Please give back each line of the material unchanged, but without the images.
======== INFORMATION PROVIDED ========
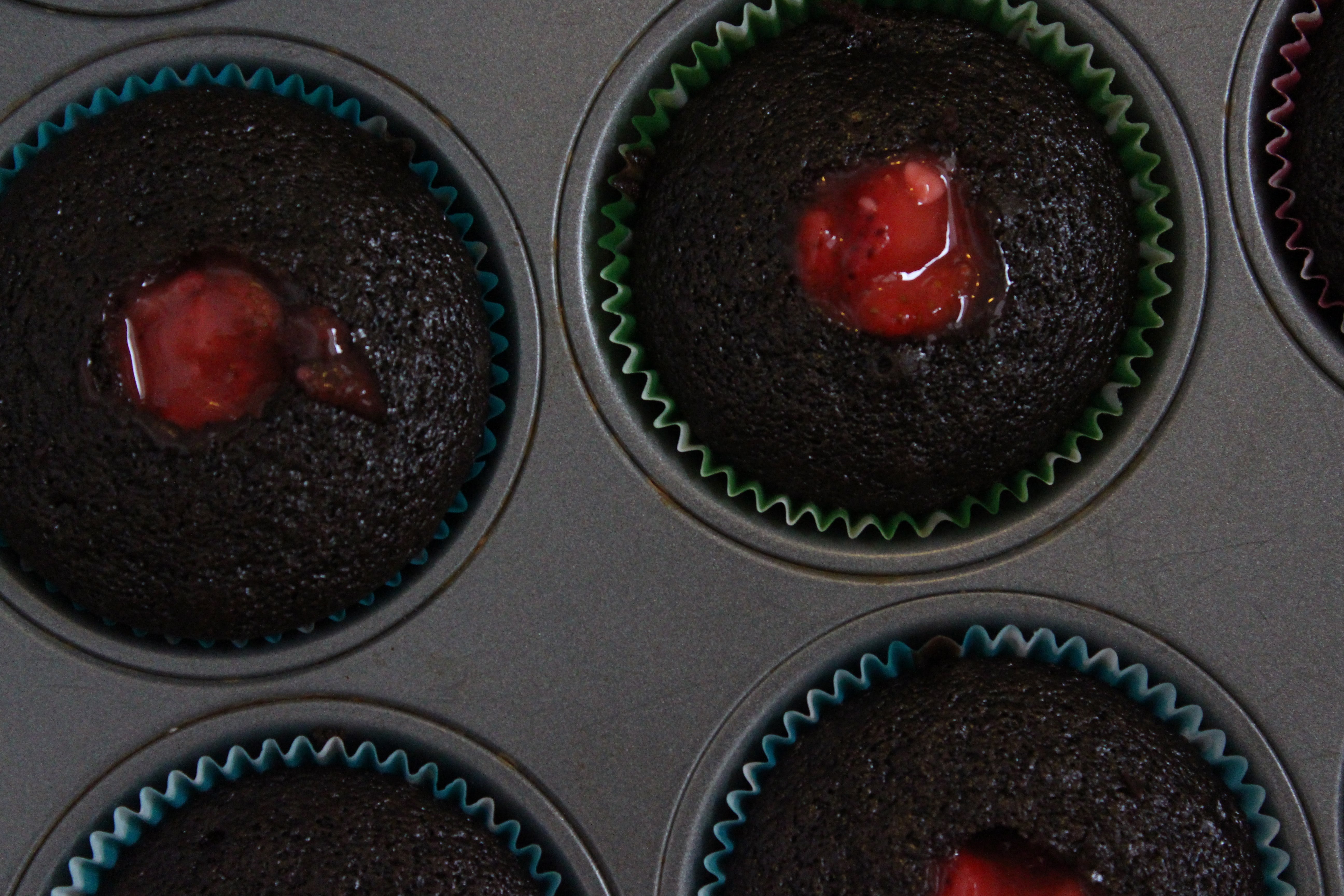 Oh my gosh. Who said being vegan was healthy all the time? If it wasn’t for my wonderful friend’s birthday I may have never come up with these. Last February I made chocolate strawberry shortcake cupcakes (before this blog existed) and my friend loved them. Since I invited her to dinner at my apartment for her birthday, I asked what she would like me to make and she asked for those cupcakes again. Now, I couldn’t just make the same old cupcakes and call it a day. Especially on a birthday! So as usual, I poked around my cookbooks and various googled recipes for inspiration. What I came up with were a different spin on the Valentine’s Day cupcakes. Now I must warn you, these are not in the “easy” category. But definitely worth the effort if you have the time and if you’re making them for someone special (or just yourself on a Friday night – no judgement, I’ve so been there!)
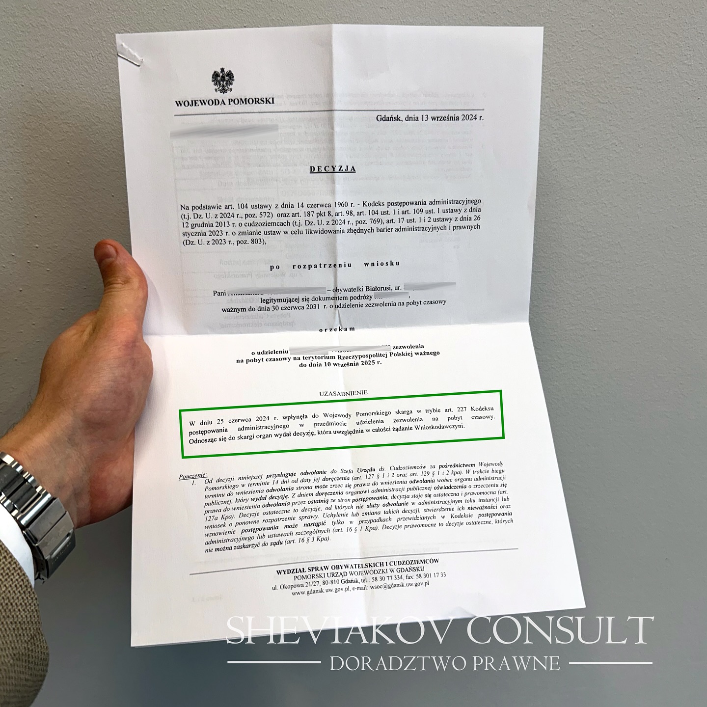 Повідомляємо про позитивне завершення справи нашої клієнтки щодо отримання картки побуту. Натомість стандартного запиту на прискорення ми подали скаргу на бездіяльність органу влади за ст. 227 Кодексу адміністративного провадження. Це дозволило суттєво прискорити процес, і 13 вересня 2024 року Воєвода Поморський ухвалив рішення на користь клієнтки, вказавши, що видача дозволу стала можливою саме завдяки скарзі. Тепер наша клієнтка має право на тимчасове проживання у Польщі до вересня 2025 року.
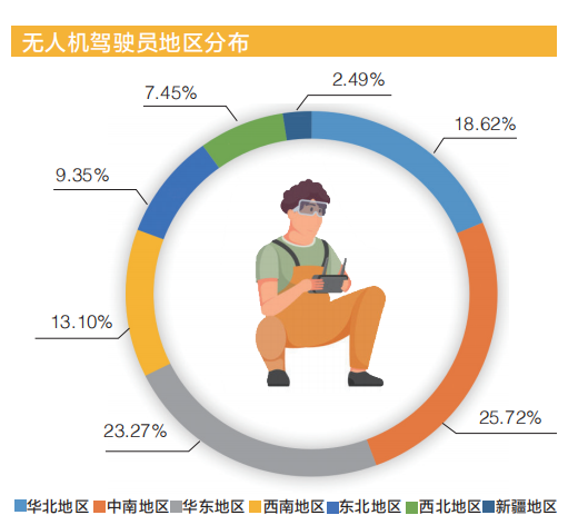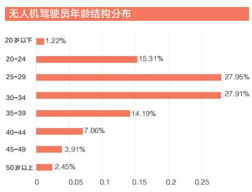 2022年,辽宁省抚顺市第一中等职业技术专业学校教师金宏光在辽宁省第一届职业技能大赛无人机赛项中荣获冠军。当时,金宏光先生已经40岁,作为一名无人机行业“高龄”驾驶员,他在这个领域取得了巨大的成就。 “我的学生现在都在15岁左右,他们中专毕业后还要考大专院校,到18岁才能正式考证。作为一个新兴职业,无人机驾驶员偏向年轻化。截至2018年,无人机驾驶员中20岁以下的从业者约占1%,40岁以上的从业者占比约14%;大部分从业人员的年龄为20—40岁,其中25—35岁的从业者占比超过50%。 在收入方面,无人机驾驶也显示出新兴行业的优势。大部分无人机驾驶员的收入为当地平均水平的1-2倍。约68%的无人机驾驶员收入持平或高于当地平均收入水平,收入水平达到或高于当地平均收入水平2倍以上的占13%。极少数无人机驾驶员的收入可达到当地平均水平的3倍以上。
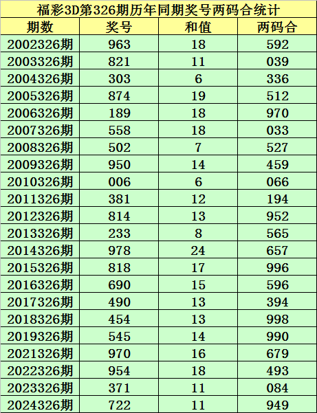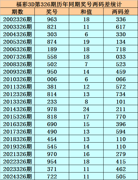 福彩3D第326期,历史上期开出22次奖号,其奖号分别为:963、821、303、874、189、558、502、950、006、381、814、233、978、818、690、490、454、545、970、954、371、722,奖号两码合差分别开出:
========
» **YOUR SOLUTION**:
 Oh my gosh. Who said being vegan was healthy all the time? If it wasn’t for my wonderful friend’s birthday I may have never come up with these. Last February I made chocolate strawberry shortcake cupcakes (before this blog existed) and my friend loved them. Since I invited her to dinner at my apartment for her birthday, I asked what she would like me to make and she asked for those cupcakes again. Now, I couldn’t just make the same old cupcakes and call it a day. Especially on a birthday! So as usual, I poked around my cookbooks and various googled recipes for inspiration. What I came up with were a different spin on the Valentine’s Day cupcakes. Now I must warn you, these are not in the “easy” category. But definitely worth the effort if you have the time and if you’re making them for someone special (or just yourself on a Friday night – no judgement, I’ve so been there!)
 Повідомляємо про позитивне завершення справи нашої клієнтки щодо отримання картки побуту. Натомість стандартного запиту на прискорення ми подали скаргу на бездіяльність органу влади за ст. 227 Кодексу адміністративного провадження. Це дозволило суттєво прискорити процес, і 13 вересня 2024 року Воєвода Поморський ухвалив рішення на користь клієнтки, вказавши, що видача дозволу стала можливою саме завдяки скарзі. Тепер наша клієнтка має право на тимчасове проживання у Польщі до вересня 2025 року.
 2022年,辽宁省抚顺市第一中等职业技术专业学校教师金宏光在辽宁省第一届职业技能大赛无人机赛项中荣获冠军。当时,金宏光先生已经40岁,作为一名无人机行业“高龄”驾驶员,他在这个领域取得了巨大的成就。 “我的学生现在都在15岁左右,他们中专毕业后还要考大专院校,到18岁才能正式考证。作为一个新兴职业,无人机驾驶员偏向年轻化。截至2018年,无人机驾驶员中20岁以下的从业者约占1%,40岁以上的从业者占比约14%;大部分从业人员的年龄为20—40岁,其中25—35岁的从业者占比超过50%。 在收入方面,无人机驾驶也显示出新兴行业的优势。大部分无人机驾驶员的收入为当地平均水平的1-2倍。约68%的无人机驾驶员收入持平或高于当地平均收入水平,收入水平达到或高于当地平均收入水平2倍以上的占13%。极少数无人机驾驶员的收入可达到当地平均水平的3倍以上。
 福彩3D第326期,历史上期开出22次奖号,其奖号分别为:963、821、303、874、189、558、502、950、006、381、814、233、978、818、690、490、454、545、970、954、371、722,奖号两码合差分别开出:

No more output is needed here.